Advanced trainer case studies

To show how ArcticTraining can handle more complex training setups, we’ll look at two examples: SwiftKV and speculative decoder. While the SFT trainer only needs a single change to the base building blocks, these trainers involve deeper modifications, such as customizing the model construction and the training loop.

In both cases, ArcticTraining makes it easy to customize these components by letting you extend the base functionality. Using callbacks and selectively redefining class methods, you can add the specific behavior you need without breaking the rest of the framework. These examples highlight how flexible ArcticTraining can be when tackling more advanced training challenges.

SwiftKV trainer

SwiftKV, a novel approach to reducing LLM computation, is designed to significantly cut down both prefill compute and memory requirements during inference. For more details on how SwiftKV achieves these impressive results, see our previously published SwiftKV blog. In summary, SwiftKV approximates the key-value (KV) cache of the later transformer layers, resulting in a model transformation that reduces prefill computation by half and memory usage by 62.5%, all with minimal quality impact. This makes it an excellent choice for scaling inference in resource-constrained scenarios.

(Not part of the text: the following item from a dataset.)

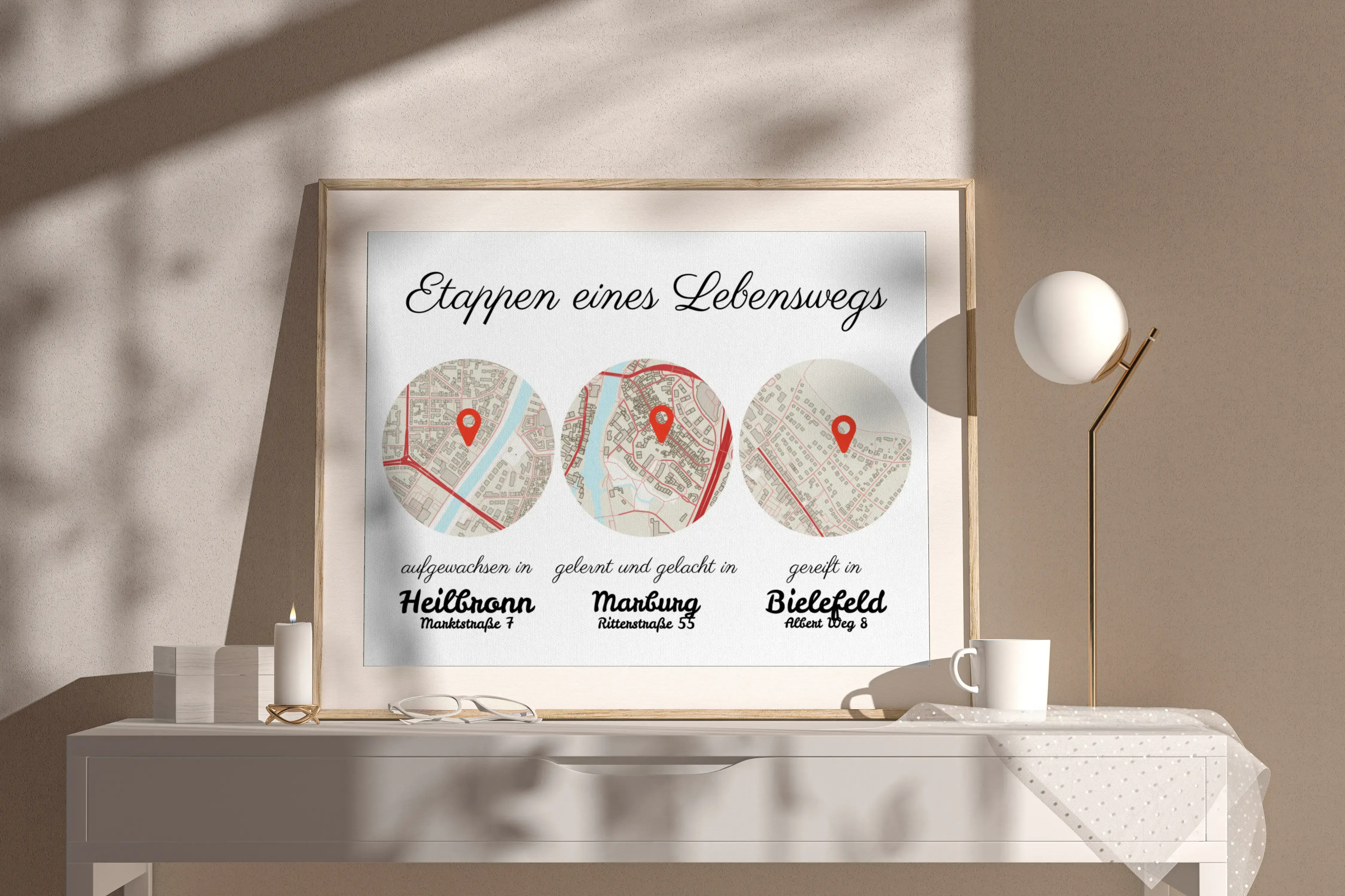 Starte jetzt mit der Erstellung deiner individuellen Lebensweg-Karte und verewige drei markante Lebensphasen: Deine Kindheit und Jugend, deine Ausbildungs- und Studienzeit sowie deine berufliche und persönliche Entwicklung.

To train SwiftKV models using ArcticTraining, a user creates a train.py that provides an implementation of the SwiftKVTrainer class. The class defines and registers all the relevant components required for training a SwiftKV model, such as:

Model factory: Define and register the SwiftKV model factory to load the SwiftKV model. (This ensures specific weights are frozen, and the SwiftKV params are initialized correctly.)
Loss function: Define the SwiftKV loss function by overriding the SFT trainer loss method.
Configuration: Define and register the SwiftKV config that allows users to configure different SwiftKV hyperparameters.

Code example:

# train.py

from arctic_training import ModelConfig, SFTTrainer, HFModelFactory, register

class SwiftKVModelConfig(ModelConfig):
    num_key_value_layers: int
    key_value_group_size: int

class SwiftKVModelFactory(HFModelFactory):
    name = "swiftkv"
    config_type = SwiftKVModelConfig

    def post_create_model_callback(self, model) -> PreTrainedModel:
        ...

# Trainer and ModelFactory are registered in ArcticTraining
@register
class SwiftKVTrainer(SFTTrainer):
    name = "swiftkv"
    model_factory_type = SwiftKVModelFactory

    # Define custom loss method
    def loss(self, batch) -> torch.Tensor:
        ...

The specific components of the YAML for SwiftKV is the trainer type swiftkv, and the two model-specific parameters, num_key_value_layers and key_value_group_size. Otherwise the YAML is essentially the same as the previous SFT example YAML.

YAML example:

type: swiftkv
micro_batch_size: 2
model:
  name_or_path: meta-llama/Llama-3.1-8B-Instruct
  num_key_value_layers: 16
  key_value_group_size: 1
deepspeed:
  zero_optimization:
    stage: 2
data:
  sources:
    - HuggingFaceH4/ultrachat_200k
    - meta-math/MetaMathQA
optimizer:
  lr: 1e-5
checkpoint:
  - type: huggingface
    output_dir: <output-path>
    save_end_of_training: true

Speculative decoder trainer

Speculative decoding is a technique used to speed up inference for an LLM by speculating multiple output tokens with a small and fast speculator or draft model, then verifying it with the LLM. Speculative decoding leverages the fact that verification is faster than generation to speed up inference.

A good speculator or draft model needs its outputs to match closely with the output distribution of the original model. A good way to achieve this is to train the draft model on synthetic data generated by the original model, using a knowledge distillation process where the original model acts as a teacher.

The simplicity of ArcticTraining not only makes it simple to implement the knowledge-distillation pipeline with custom-loss function, but it also makes it possible to do the synthetic data generation on the fly during the training process itself.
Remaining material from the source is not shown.